= RECORDS SHOWN =
_ _ _
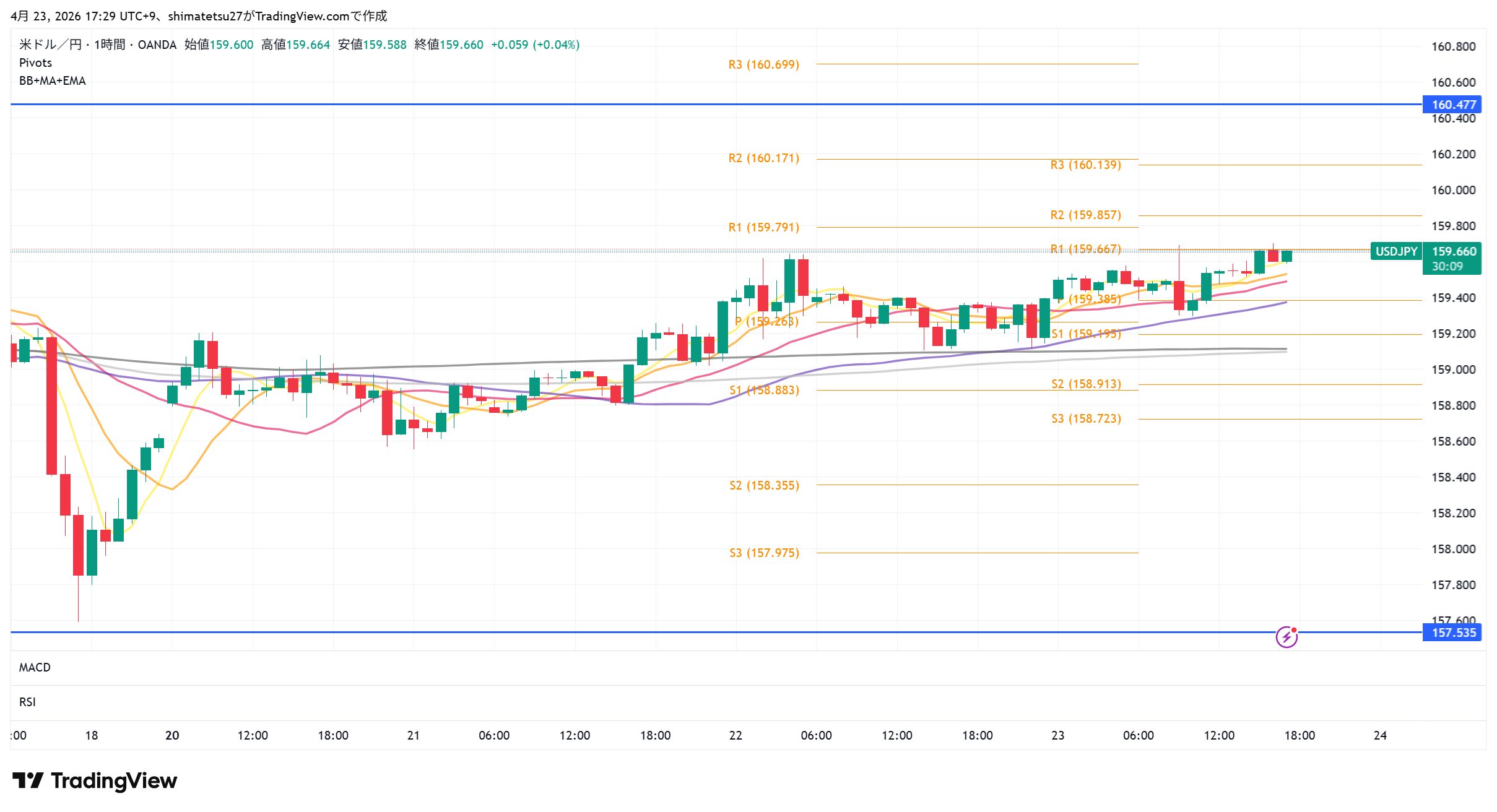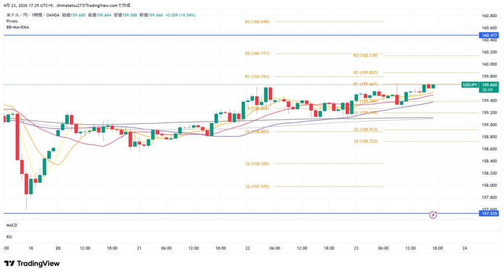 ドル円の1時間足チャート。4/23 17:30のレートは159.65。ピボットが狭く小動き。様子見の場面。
_ _ _
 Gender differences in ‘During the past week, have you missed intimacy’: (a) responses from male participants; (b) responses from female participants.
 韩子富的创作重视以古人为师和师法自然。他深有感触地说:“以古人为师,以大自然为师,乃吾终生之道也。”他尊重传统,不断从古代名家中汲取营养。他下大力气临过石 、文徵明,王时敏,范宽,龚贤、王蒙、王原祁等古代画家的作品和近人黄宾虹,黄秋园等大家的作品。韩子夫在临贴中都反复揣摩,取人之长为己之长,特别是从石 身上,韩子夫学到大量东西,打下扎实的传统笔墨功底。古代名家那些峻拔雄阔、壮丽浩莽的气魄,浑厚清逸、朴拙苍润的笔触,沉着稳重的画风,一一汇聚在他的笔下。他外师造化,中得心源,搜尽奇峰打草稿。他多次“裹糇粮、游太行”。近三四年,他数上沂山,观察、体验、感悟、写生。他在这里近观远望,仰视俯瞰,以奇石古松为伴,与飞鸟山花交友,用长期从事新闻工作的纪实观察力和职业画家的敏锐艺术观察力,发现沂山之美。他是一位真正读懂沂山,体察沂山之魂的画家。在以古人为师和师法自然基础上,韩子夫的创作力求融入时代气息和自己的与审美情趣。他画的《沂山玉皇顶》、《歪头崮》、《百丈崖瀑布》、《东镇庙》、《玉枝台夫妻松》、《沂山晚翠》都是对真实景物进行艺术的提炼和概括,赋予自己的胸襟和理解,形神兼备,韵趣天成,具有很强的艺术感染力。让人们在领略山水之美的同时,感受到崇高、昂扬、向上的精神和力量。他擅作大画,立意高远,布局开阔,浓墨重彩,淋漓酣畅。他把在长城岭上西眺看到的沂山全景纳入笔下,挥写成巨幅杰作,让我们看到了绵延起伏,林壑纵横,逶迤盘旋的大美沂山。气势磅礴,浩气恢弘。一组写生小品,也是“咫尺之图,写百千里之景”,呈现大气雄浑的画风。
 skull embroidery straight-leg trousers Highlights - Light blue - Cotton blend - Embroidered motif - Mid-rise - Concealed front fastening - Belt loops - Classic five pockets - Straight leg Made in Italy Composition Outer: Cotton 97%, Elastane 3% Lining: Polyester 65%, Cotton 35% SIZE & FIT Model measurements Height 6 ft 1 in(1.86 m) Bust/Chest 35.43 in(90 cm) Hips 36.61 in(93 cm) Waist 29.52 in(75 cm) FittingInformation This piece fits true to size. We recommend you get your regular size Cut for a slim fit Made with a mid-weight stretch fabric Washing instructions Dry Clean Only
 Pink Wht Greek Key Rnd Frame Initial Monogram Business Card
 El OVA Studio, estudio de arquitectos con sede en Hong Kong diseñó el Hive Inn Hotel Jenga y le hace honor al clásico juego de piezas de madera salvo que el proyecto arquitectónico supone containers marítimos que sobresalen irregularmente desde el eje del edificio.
_ _ _
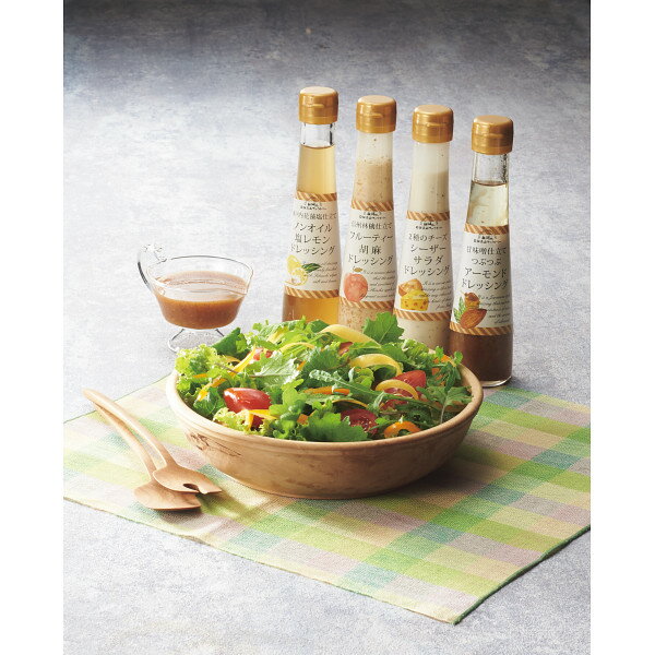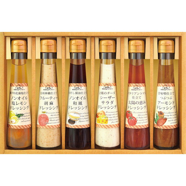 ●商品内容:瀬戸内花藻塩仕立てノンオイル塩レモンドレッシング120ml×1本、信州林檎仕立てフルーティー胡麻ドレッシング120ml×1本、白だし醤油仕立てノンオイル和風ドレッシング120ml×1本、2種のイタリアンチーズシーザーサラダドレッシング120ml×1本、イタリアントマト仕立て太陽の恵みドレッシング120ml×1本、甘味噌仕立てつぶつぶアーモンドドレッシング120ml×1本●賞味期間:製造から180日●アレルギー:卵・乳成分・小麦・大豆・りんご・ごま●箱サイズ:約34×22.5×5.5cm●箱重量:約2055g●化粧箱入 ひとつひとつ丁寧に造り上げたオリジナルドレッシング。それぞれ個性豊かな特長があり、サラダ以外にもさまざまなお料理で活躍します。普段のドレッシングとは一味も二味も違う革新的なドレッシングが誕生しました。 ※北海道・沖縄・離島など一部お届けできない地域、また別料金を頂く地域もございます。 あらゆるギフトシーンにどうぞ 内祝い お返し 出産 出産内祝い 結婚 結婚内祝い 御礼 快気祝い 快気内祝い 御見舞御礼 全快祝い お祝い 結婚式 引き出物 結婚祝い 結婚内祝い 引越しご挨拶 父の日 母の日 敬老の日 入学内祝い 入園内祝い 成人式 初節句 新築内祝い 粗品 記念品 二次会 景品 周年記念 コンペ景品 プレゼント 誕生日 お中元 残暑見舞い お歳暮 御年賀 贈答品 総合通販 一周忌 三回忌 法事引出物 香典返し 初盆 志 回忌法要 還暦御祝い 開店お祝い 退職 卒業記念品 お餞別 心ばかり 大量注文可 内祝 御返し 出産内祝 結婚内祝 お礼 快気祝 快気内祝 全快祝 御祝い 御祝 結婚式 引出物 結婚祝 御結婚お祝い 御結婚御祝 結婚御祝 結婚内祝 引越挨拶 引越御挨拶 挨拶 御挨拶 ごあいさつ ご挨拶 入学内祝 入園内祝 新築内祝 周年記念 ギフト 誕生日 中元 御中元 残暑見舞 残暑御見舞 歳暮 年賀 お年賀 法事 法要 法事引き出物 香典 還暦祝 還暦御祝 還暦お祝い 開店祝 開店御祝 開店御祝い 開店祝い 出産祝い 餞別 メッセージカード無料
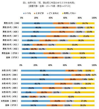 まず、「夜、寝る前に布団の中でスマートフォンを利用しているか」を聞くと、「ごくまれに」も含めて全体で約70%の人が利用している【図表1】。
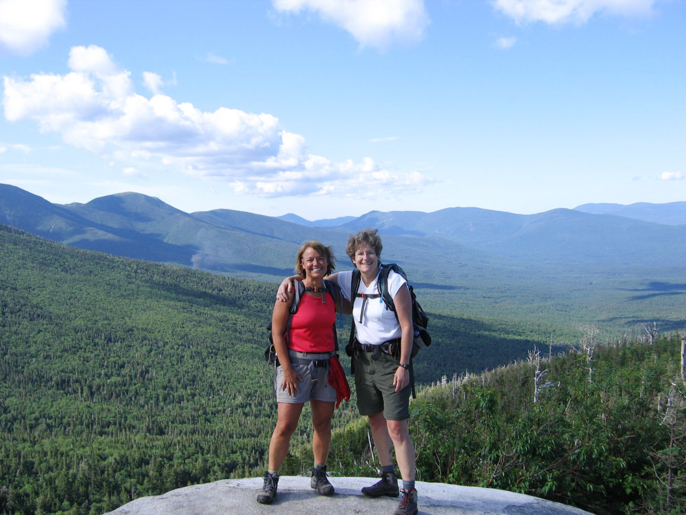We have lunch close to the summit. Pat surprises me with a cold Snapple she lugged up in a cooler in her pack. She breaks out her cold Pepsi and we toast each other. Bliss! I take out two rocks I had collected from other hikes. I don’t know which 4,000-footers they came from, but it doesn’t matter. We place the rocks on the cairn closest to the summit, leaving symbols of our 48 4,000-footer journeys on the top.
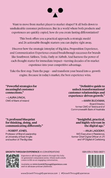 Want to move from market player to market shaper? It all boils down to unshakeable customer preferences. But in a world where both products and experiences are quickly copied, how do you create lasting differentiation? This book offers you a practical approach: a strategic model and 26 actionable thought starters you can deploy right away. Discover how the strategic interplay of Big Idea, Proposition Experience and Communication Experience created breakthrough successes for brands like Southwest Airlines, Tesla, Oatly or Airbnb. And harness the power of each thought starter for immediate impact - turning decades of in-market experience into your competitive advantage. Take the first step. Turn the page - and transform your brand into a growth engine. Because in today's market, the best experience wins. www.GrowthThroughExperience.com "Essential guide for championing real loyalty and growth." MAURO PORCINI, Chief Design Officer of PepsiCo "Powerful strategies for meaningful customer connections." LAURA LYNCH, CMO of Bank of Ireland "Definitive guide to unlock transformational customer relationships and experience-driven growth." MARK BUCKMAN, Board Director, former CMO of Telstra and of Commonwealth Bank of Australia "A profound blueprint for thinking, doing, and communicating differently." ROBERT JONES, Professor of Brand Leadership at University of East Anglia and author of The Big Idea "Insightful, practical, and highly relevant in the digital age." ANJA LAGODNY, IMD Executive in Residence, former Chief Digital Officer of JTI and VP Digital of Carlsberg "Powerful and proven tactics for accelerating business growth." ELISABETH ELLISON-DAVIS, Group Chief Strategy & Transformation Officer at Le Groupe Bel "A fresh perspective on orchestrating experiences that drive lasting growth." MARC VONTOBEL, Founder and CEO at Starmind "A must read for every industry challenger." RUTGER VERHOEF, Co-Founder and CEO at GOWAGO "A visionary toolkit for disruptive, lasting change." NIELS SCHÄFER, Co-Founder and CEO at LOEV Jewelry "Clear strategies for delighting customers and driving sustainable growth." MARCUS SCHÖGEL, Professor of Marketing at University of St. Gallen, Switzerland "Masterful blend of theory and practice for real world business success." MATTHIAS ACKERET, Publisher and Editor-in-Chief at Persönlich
_ _ _
= GOAL OF THE EXERCISE =
Beginning with the line above that contains "まず、「夜、寝る前に布団の中" and ending with the line that contains "We have lunch", quote each line exactly, keeping out the pictures.

= ANSWER SPACE =
 まず、「夜、寝る前に布団の中でスマートフォンを利用しているか」を聞くと、「ごくまれに」も含めて全体で約70%の人が利用している【図表1】。
We have lunch close to the summit. Pat surprises me with a cold Snapple she lugged up in a cooler in her pack. She breaks out her cold Pepsi and we toast each other. Bliss! I take out two rocks I had collected from other hikes. I don’t know which 4,000-footers they came from, but it doesn’t matter. We place the rocks on the cairn closest to the summit, leaving symbols of our 48 4,000-footer journeys on the top.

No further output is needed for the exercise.